Papa Fregeau's mouth closed, opened again—and, in his haste to make a bow, the cognac glass became a shower of tinkling splinters on the floor.
"But immediatement! Instantly, Mademoiselle!" cried Papa Fregeau effusively. "On the moment! A valise that is too heavy for her! It is a sacrilege! It is unpardonable! Instantly, Mademoiselle, on the instant! On the moment!"—and he rushed from the room.
She stood in the doorway; and, from under bewitchingly half closed lids, the grey eyes met Jean's. And under her gaze that was quite calm, unruffled, self-possessed now, the blood rushed tingling again through his veins, and again he felt it mounting to his cheeks. She wore no hat now; and, with the sun's last rays through the doorway falling softly upon her wealth of hair, it was as though it were a wondrously woven mass of glinting bronze that crowned her head.
Jean's cap was in his hand.
"Oh!" she said. "You are the"—there was just a trace of hesitation over the choice of the word—"the man who passed us on the bridge a little while ago, aren't you?"
There was something, a sort of indefinable challenge, in the voice and eyes, a carelessness that, well as it was simulated, was not wholly genuine.

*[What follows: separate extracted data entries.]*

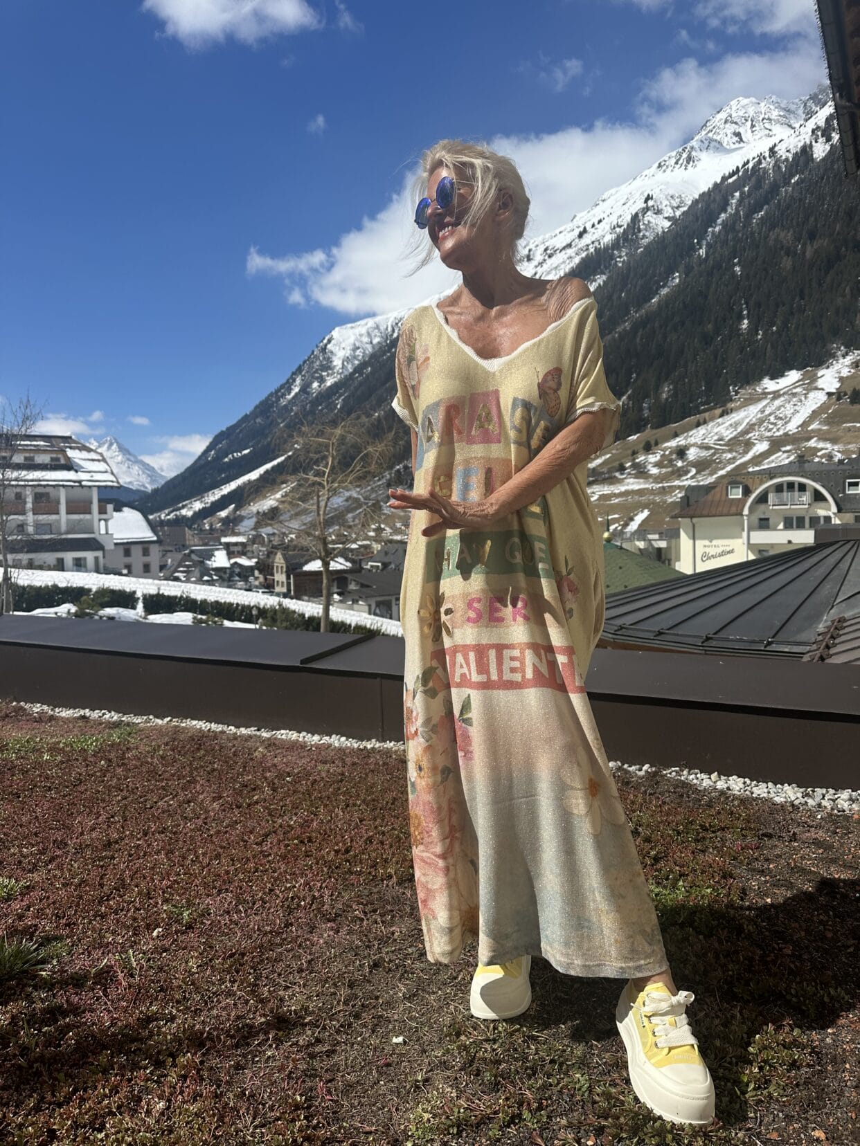 Maxikleid mit Lurex-Faden und Goldbordüren an V-Ausschnitt und Ärmchen.
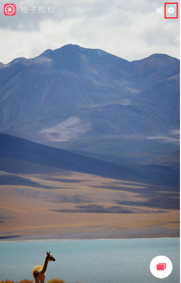 1、在柚子相机主界面中,点击右上角的“齿轮”按钮;
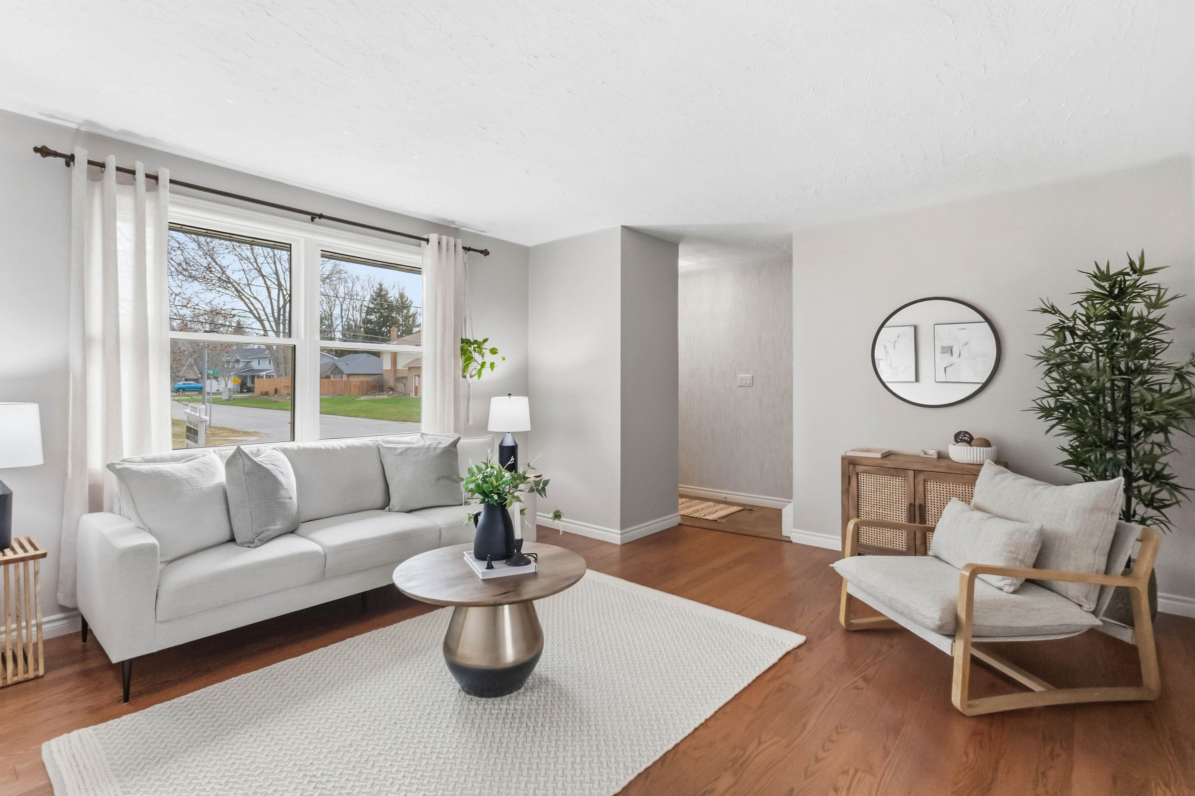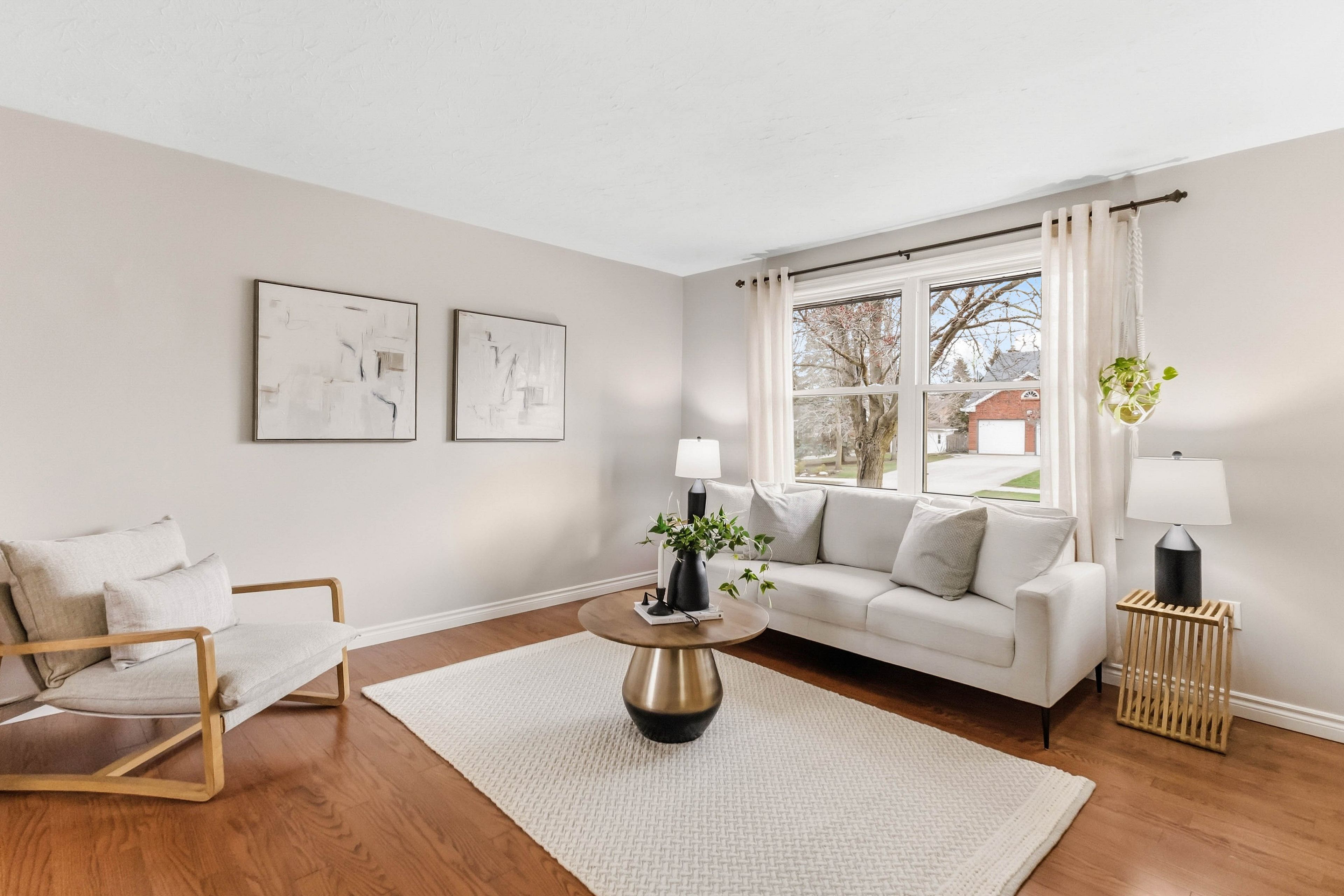 • Bright living room with hardwood floors for a welcoming atmosphere.

Jean's eyes met the grey ones, held them—and suddenly he smiled, accepting the challenge.
"It is good of mademoiselle to recognise me," he answered.
She stared at him for an instant, her eyes opening wide; and then, with a contagious, impulsive laugh, she came forward into the room.
"Of course!" she cried. "You would answer like that! I knew it! You are less like a fisherman, for all your clothes, than any man I ever saw."
"I?" said Jean, in quick surprise. It was strange she had said that! It was only that afternoon that Marie-Louise had said almost the same thing. Not like a fisherman! Why not? What was this imagined difference between himself and the other men in Bernay-sur-Mer?